**Task directions**:
Here the job is to retype the data word for word while leaving the pictures aside.

:: Source data ::

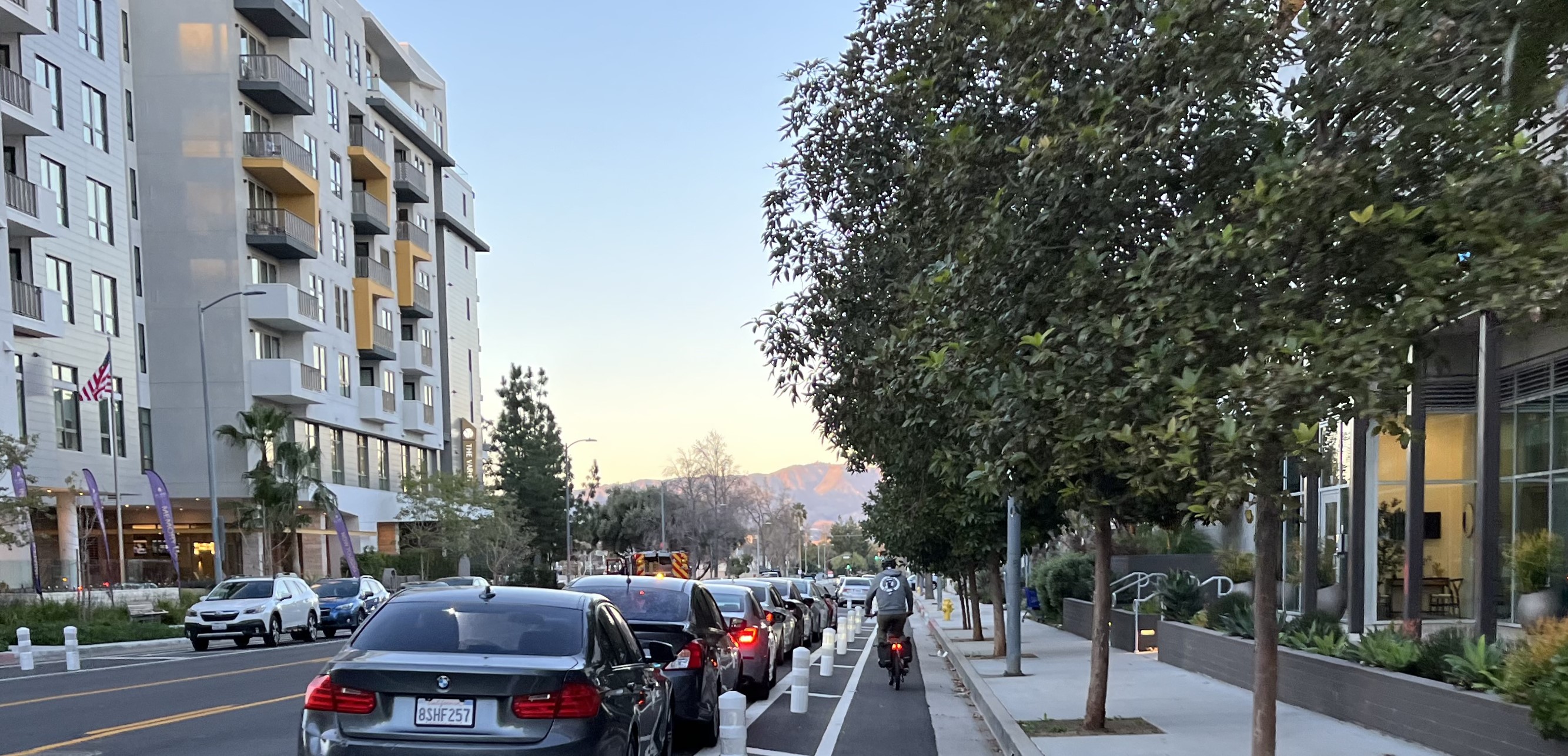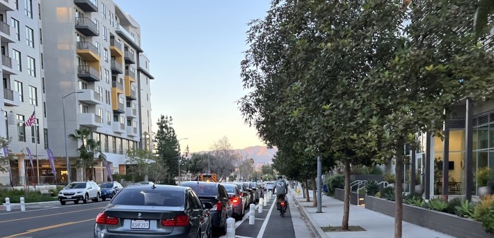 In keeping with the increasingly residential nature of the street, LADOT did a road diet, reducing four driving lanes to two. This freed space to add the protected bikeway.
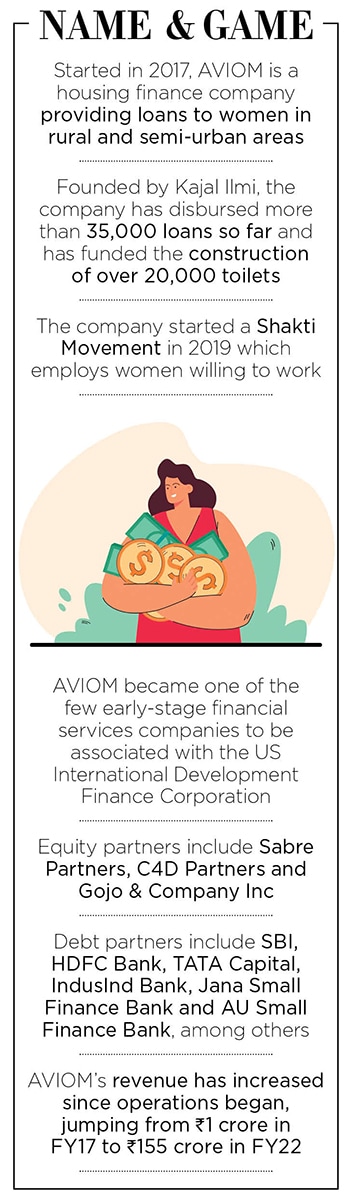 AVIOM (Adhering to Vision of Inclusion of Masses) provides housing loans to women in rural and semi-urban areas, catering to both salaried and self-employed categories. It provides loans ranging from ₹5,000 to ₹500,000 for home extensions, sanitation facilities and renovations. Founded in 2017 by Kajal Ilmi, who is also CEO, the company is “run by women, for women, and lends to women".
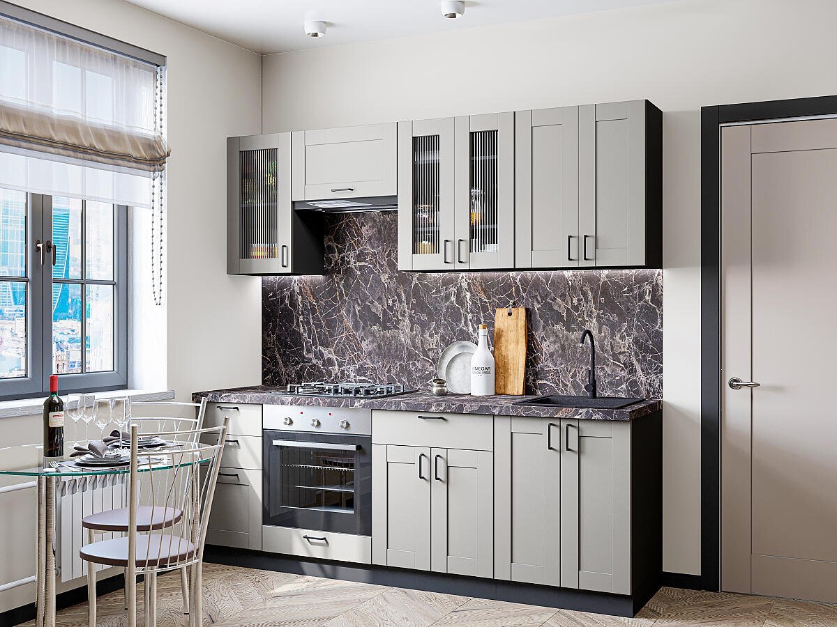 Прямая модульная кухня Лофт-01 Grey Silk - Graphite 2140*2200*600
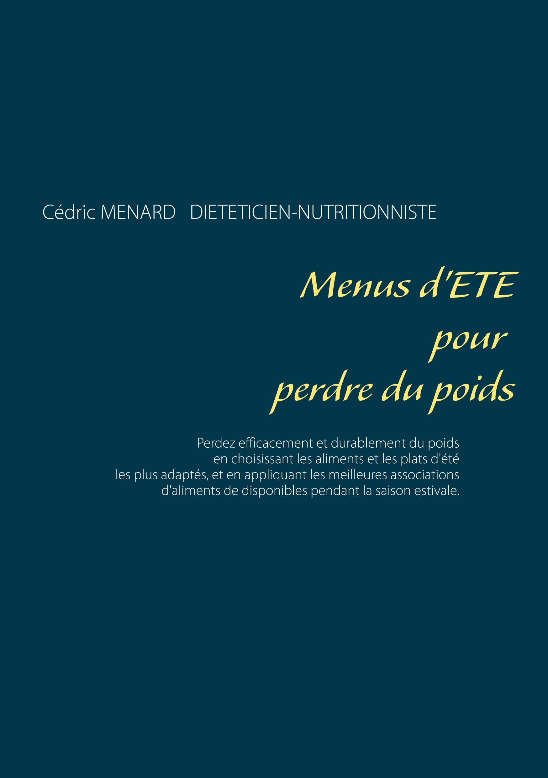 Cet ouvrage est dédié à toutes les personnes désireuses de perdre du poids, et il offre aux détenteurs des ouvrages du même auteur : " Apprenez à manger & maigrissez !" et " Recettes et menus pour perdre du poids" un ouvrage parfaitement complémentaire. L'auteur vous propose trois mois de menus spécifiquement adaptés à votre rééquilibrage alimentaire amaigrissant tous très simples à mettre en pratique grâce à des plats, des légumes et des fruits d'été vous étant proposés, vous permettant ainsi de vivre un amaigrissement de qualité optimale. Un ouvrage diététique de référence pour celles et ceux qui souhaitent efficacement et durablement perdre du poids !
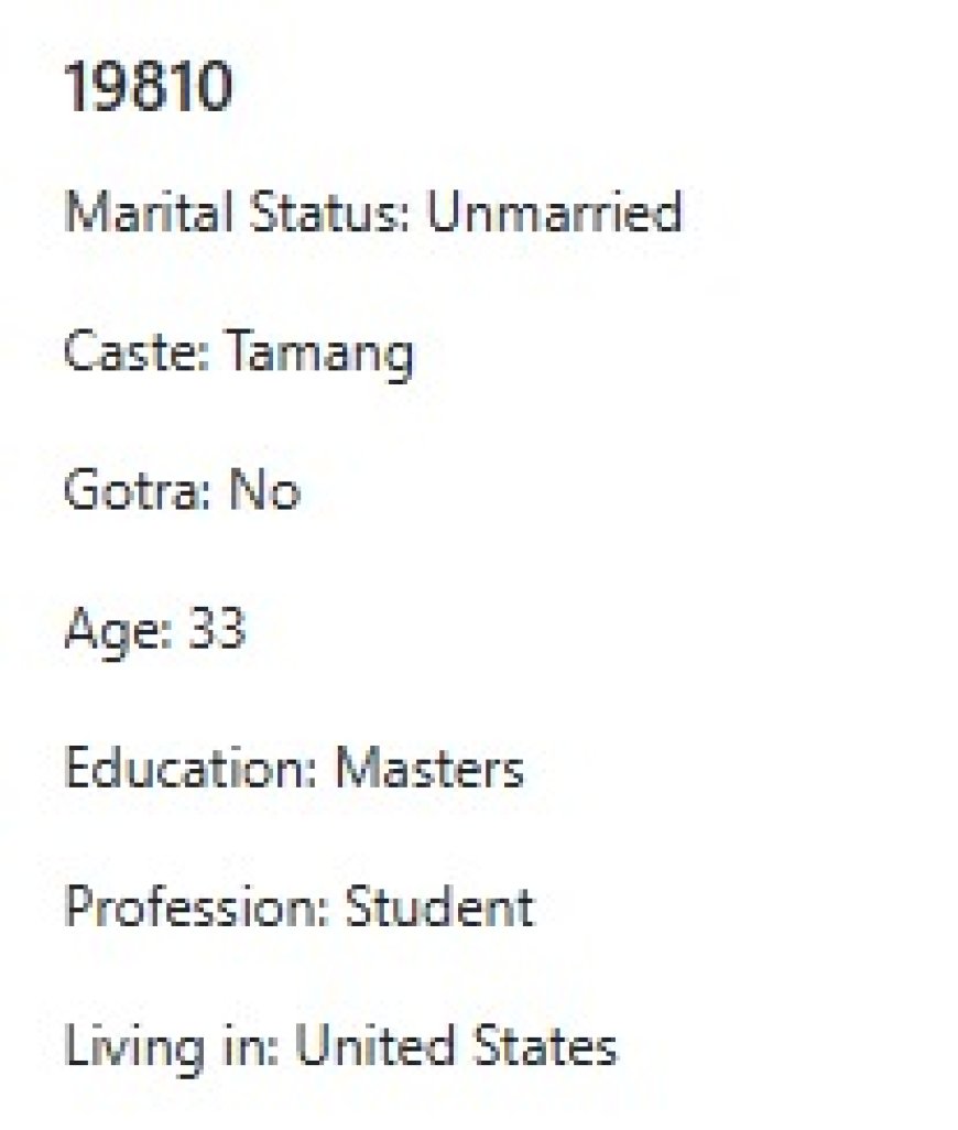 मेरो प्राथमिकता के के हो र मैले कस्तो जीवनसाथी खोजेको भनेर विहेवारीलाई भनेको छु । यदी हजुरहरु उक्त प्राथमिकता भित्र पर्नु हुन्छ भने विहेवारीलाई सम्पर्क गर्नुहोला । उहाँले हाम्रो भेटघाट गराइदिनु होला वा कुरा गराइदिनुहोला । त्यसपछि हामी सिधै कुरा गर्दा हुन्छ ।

:::

**Answer box**:
 In keeping with the increasingly residential nature of the street, LADOT did a road diet, reducing four driving lanes to two. This freed space to add the protected bikeway.
 AVIOM (Adhering to Vision of Inclusion of Masses) provides housing loans to women in rural and semi-urban areas, catering to both salaried and self-employed categories. It provides loans ranging from ₹5,000 to ₹500,000 for home extensions, sanitation facilities and renovations. Founded in 2017 by Kajal Ilmi, who is also CEO, the company is “run by women, for women, and lends to women".
 Прямая модульная кухня Лофт-01 Grey Silk - Graphite 2140*2200*600
 Cet ouvrage est dédié à toutes les personnes désireuses de perdre du poids, et il offre aux détenteurs des ouvrages du même auteur : " Apprenez à manger & maigrissez !" et " Recettes et menus pour perdre du poids" un ouvrage parfaitement complémentaire. L'auteur vous propose trois mois de menus spécifiquement adaptés à votre rééquilibrage alimentaire amaigrissant tous très simples à mettre en pratique grâce à des plats, des légumes et des fruits d'été vous étant proposés, vous permettant ainsi de vivre un amaigrissement de qualité optimale. Un ouvrage diététique de référence pour celles et ceux qui souhaitent efficacement et durablement perdre du poids !
 मेरो प्राथमिकता के के हो र मैले कस्तो जीवनसाथी खोजेको भनेर विहेवारीलाई भनेको छु । यदी हजुरहरु उक्त प्राथमिकता भित्र पर्नु हुन्छ भने विहेवारीलाई सम्पर्क गर्नुहोला । उहाँले हाम्रो भेटघाट गराइदिनु होला वा कुरा गराइदिनुहोला । त्यसपछि हामी सिधै कुरा गर्दा हुन्छ ।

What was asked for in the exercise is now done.